In last week’s sessions, we covered:

  • Importing Data using readr
  • Manipulating data.frame objects using dplyr and tidyr
  • Visualising Data using ggplot2

All of this utilised packages loaded under the tidyverse framework, which is designed for seamless integration of the above packages. Today, we’ll push ahead in a similar direction, but will also explore so different approaches to visualisation. If you finish all of last Friday’s and this Friday’s material before 11am, please feel free to work on your Assignment.

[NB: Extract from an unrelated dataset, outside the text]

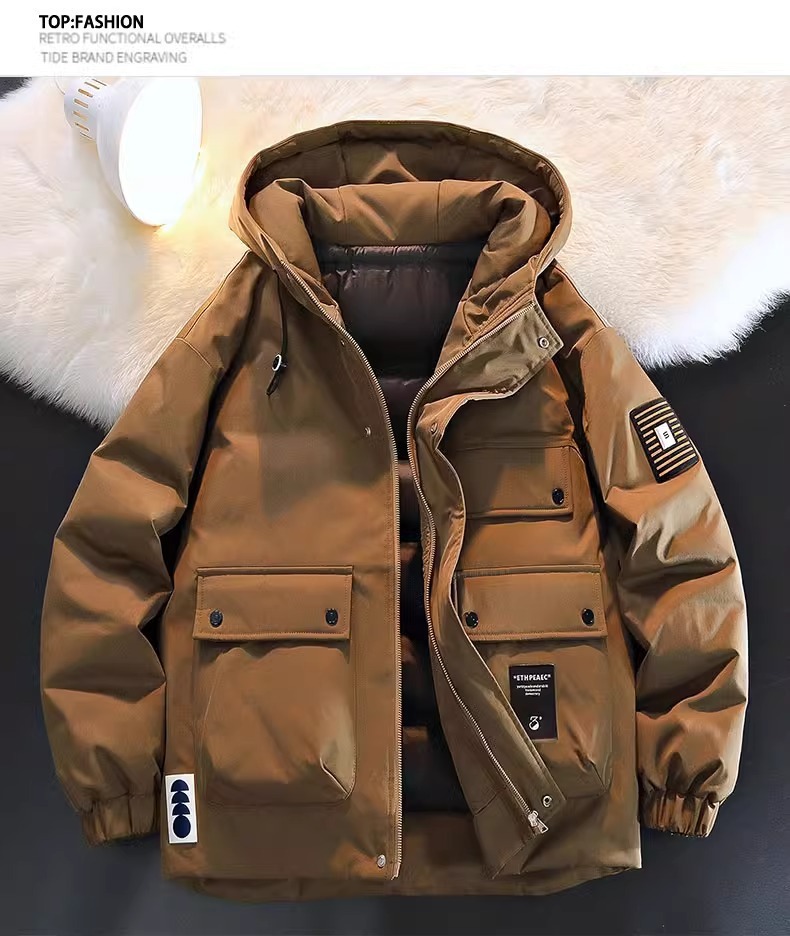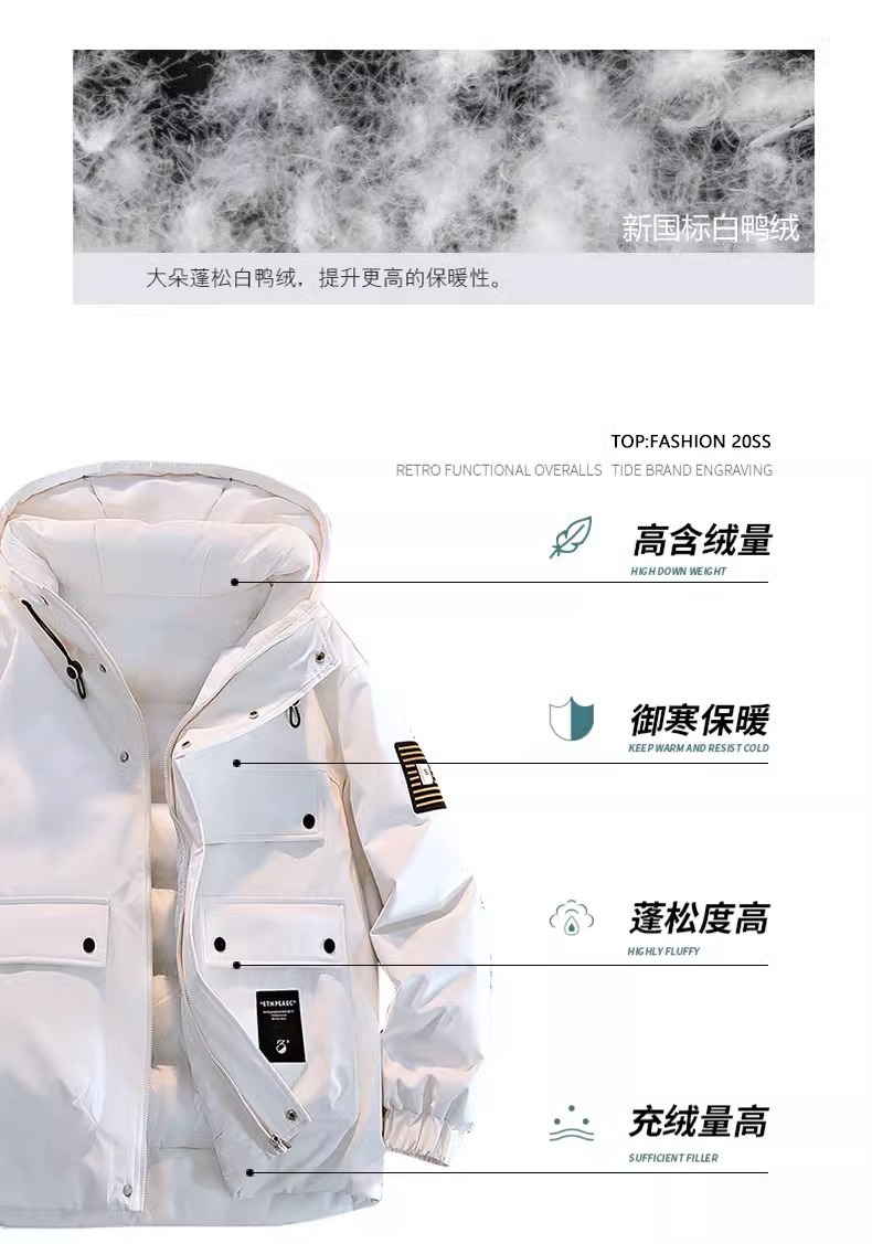 羽绒服男士冬季2025新款白鸭绒加厚防寒保暖青少年连帽工装外套男

On Monday, we dug more deeply into R data structures with the promise that it would all be incredibly helpful as you go. Hopefully, you’ll see some of the benefits of that material today as well.

Today’s Data

The main two datasets for today will be the same as last week: 1) cpm.tsv (please name this logCPM when you load it) and 2) topTable.csv. Please ensure they are in a sensible location (perhaps practical_3/data) and if you are starting with today’s work, begin a new R Markdown called AdditionalVisualisation.Rmd, or something else appropriate. If you have not finished last Friday’s material, please resume from where you left off.

Once you’ve started this R Markdown, please make any global settings in your setup chunk, load the tidyverse in your packages chunk, then load both of the above files. Once you have logCPM loaded, please form the object samples as we did in last Friday’s session.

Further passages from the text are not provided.